Macharia Munene, professor of international relations at USIU-Africa, said the logistics of moving hundreds of thousands of refugees across the border would be “a tall order”.

But he said there were now safe areas within Somalia from where al Shabab armed group had been chased out by African Union forces in recent years.

“Kenya is in an emergency situation… Each country has an obligation to look after its people first,” he told Reuters.

Funerals of the students killed in the campus attack were taking place across the country. Pictures of their grieving families dominated the media, reminding Kenyans of the attack.

Border wall

Ruto said Kenya had started building a 700km (440 mile) wall along the entire length of the border with Somalia to keep out members of al-Shabab.

“We must secure this country at whatever cost, even if we lose business with Somalia, so be it,” he said.

On Tuesday, Kenya closed 13 informal money remittance firms, hawalas, to cut off funding to suspected fighters.
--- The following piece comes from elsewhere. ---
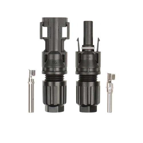 An MC4 (Multi-Contact 4mm) connector is the industry-standard plug used to connect solar PV panels together. It is a single-contact electrical connector, specifically designed for outdoor solar applications. These connectors are easy to use, lock securely, and are resistant to dust, moisture, and UV radiation.

Ruto said any business that collaborated with al-Shabab would be shut down.

Al-Shabab has killed more than 400 people on Kenyan soil in the last two years, including 67 during a siege at Nairobi’s Westgate mall in 2013, damaging tourism and inward investment.

On Monday, the Kenyan air force launched air strikes against al-Shabab targets in Somalia, a country where it has been militarily engaged against the armed group for several years.